Keywords: neuropsychological tests, CANTAB, spatial span, working memory, children, educational status
Abstract
Testes neuropsicológicos de span visuoespacial são construídos para avaliar amplitude atencional e memória de trabalho. Na versão do teste de span visuoespacial da Cambridge Neuropsychological Test Automated Battery (CANTAB) essa avaliação é feita através de sequências de localização espacial.
Objetivo
O presente estudo investiga como a idade, o sexo e a escolaridade podem afetar o desempenho nesse sistema não-verbal.
Métodos
Foram avaliadas 60 crianças e adolescentes com idades entre 6 e 18 anos (25 meninos; 35 meninas).
Resultados
Os resultados não mostraram diferenças no desempenho do teste entre os sexos. O grupo de crianças com seis ou mais anos de escolaridade foi melhor do que a de crianças menores de três anos de estudo. Nossos resultados sugerem que as crianças mais velhas e, portanto, com maior tempo de escolaridade conseguem se lembrar de um número maior de itens. Os valores de amplitude foram similares aos obtidos em um experimento normativo prévio amplo no qual foi utilizado o teste Spatial Span do CANTAB (De Luca et al., 2003).
Conclusão
Estas concordâncias de desempenhos entre crianças e adolescentes brasileiros e o grupo de participantes australianos examinados pelos autores citados nos mostram que apesar das diferenças sócio-culturais e econômicas existentes, a tarefa é adequada para avaliação de atenção e memória de trabalho em crianças brasileiras.
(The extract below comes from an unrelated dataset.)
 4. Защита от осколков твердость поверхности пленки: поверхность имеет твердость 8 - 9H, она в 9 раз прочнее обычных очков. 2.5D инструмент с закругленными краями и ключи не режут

Memory span is “the ability to grasp a number of dizscrete units in a single moment of attention and to reproduce them immediately”.1 Memory span assessment measures the ability to recall series of discrete stimuli, such as digits, letters, words, sounds, immediately after their presentation. Practically every type of material can be used in test span capacity.1
The Spatial Span Test is frequently considered a nonverbal analogue of the Digit Span Test, which measures the capacity of visuospatial memory.2 The most frequently cited theoretical model in recent research on verbal short-term memory development has been the Baddeley and Hitch3 working memory model.
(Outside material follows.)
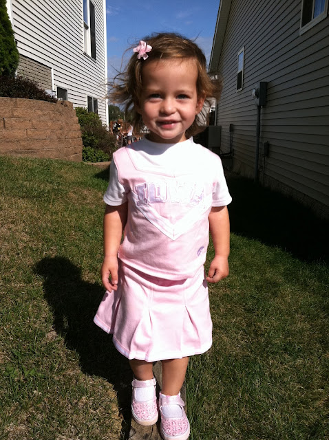 Charlie is on his second round of antibiotics, steroids, cough medicine and now and inhaler.  I'm feeling much better, but this cold has been nasty!  We've pretty much had the plague at our place since school started!  Luckily, the worst of it has stayed away from B.  She has a little cough and a slightly runny nose, but mostly it seems like allergies for her.  This is how cute she looked on Friday, Sept 9, in her Pink Hawkeye cheerleading outfit!  Isn't she big???!!!

Working memory is a limited capacity system serving to keep “active” a limited amount of information for a brief period of time, and then to operate on it. The Baddeley and Hitch working memory model includes a central component, the central executive, and three sub-systems: the phonological loop, the visuospatial sketchpad and the episodic buffer.4
In its original formulation3 this model proposed the existence of two separate systems involved in working memory. These two systems handled different classes of information: the articulatory loop handles speech-based (phonological) information that allows auditory information to be held through a rehearsal mechanism that prevents its rapid decay, and the visuospatial sketchpad handles visual (e.g., color) and spatial (e.g., location) information allowing this information to be maintained and manipulated.4
The episodic buffer is an addition to the original working memory model. It was proposed by Baddeley in order to handle phenomena that were not covered by the first model. In the revised model he intended to bring together and integrate the information from the other components of working memory, together with information about time and order.4
The present study is concerned with memory for spatial information and therefore assesses the visuospatial sketchpad proposed by Baddeley and Hitch. The aim was to investigate how age, gender and educational level might affect the performance of the non-verbal system, using a modern computerized instrument called the Cambridge Neuropsychological Test Automated Battery (CANTAB) (Cambridge Cognition, 2005). The CANTAB was developed over 20 years ago at the University of Cambridge by Robbins and Sahakian5 for evalutation of cognitive function.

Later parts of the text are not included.